Spain’s Supreme Court has struck down the country’s controversial national registry for Airbnb-style tourist rentals in a major victory for regional governments and holiday let owners.
The ruling cancels the so-called ‘Unique Rental Registry Number’ system that became mandatory for short-term rental properties across Spain on July 1, 2025.
But what exactly changes now and what does it mean for owners on the Costa del Sol and across Spain?
What was the national tourist rental registry?
The system was introduced under Royal Decree 1312/2024 and required every short-term rental property listed online – including Airbnb-style homes and seasonal rentals – to obtain a single national registration number.
Owners were also expected to submit annual rental declarations through the system.
The measure formed part of Madrid’s wider crackdown on tourist apartments amid Spain’s housing crisis.
Why did the Supreme Court cancel it?
Spain’s Supreme Court ruled that the central government did not have the legal authority to create a nationwide registry that overlaps with existing regional tourism registries.
Judges said regulation of tourist housing belongs primarily to Spain’s autonomous regions, not the national government.
The court stressed that EU Regulation 2024/1028, which Spain cited when creating the registry, does not require countries to operate a centralised national system.
Instead, the ruling found Madrid had overstepped its constitutional powers by imposing a state-controlled registry on top of regional ones already operating across Spain.
What parts of the law survive?
The ruling does not completely dismantle the system.
The Supreme Court upheld the legality of the ‘single digital window’ used for data exchange between platforms and authorities.

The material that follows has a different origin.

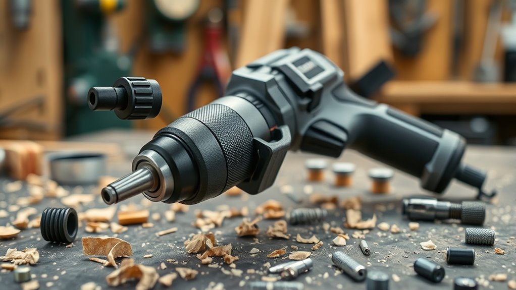 Choosing an impact driver with lower noise levels can make a significant difference, especially if you work in noise-sensitive environments like residential areas or shared workshops. Impact drivers with hydraulic mechanisms are particularly quieter, reducing noise by up to 57% compared to traditional models. Typically, quieter impact drivers produce around 85 dB or less during operation, making them more comfortable for prolonged use. These models are ideal when you need to minimize disturbance or protect your hearing. Additionally, lower noise often correlates with softer impact forces, which can reduce vibration and user fatigue. Professional-grade impact drivers that focus on noise control usually feature specialized motors and impact mechanisms designed to keep sound levels down without sacrificing power, giving you both performance and comfort.

This means online platforms such as Airbnb and Booking.com will still have obligations to share rental data with authorities.
Statistical reporting and coordination mechanisms also remain valid.
What does this mean for tourist rental owners?
According to legal experts, owners will no longer be required to obtain the national ‘Unique Rental Registry Number’.
That means:
- no more duplicate national registration alongside regional licences,
- no obligation to file annual declarations through the cancelled registry,
- and potentially fewer administrative hurdles for owners already registered with regional authorities.
In practical terms, owners in Andalucia, Valencia, Catalonia and other regions will continue operating under their existing regional tourist rental systems.
Does Andalucia still regulate tourist rentals?
The ruling does not remove Andalucia’s own tourist rental laws or licensing requirements.
Properties on the Costa del Sol still need to comply with regional regulations imposed by the Junta de Andalucia and local town halls.
Malaga, Marbella and other tourism hotspots have continued tightening controls amid mounting pressure over housing affordability and overtourism.
Why is the ruling politically significant?
The case was originally brought by the Valencian regional government, which argued Madrid had invaded regional powers.
The decision is also likely to create problems for several new regional tourism laws currently being developed – including Andalucia’s proposed Sustainable Tourism Law.
That legislation had planned to introduce another regional registration system, potentially creating further duplication.
What happens next?
Despite the Supreme Court ruling, Spain is still under pressure from Brussels to improve oversight of short-term rentals.
In February, the European Commission warned against duplicate registration systems and ordered member states to eliminate incompatible administrative duplication by May 20, 2026.
As a result, Spain is now expected to move toward a more coordinated system between regions and platforms rather than a single centralised national registry.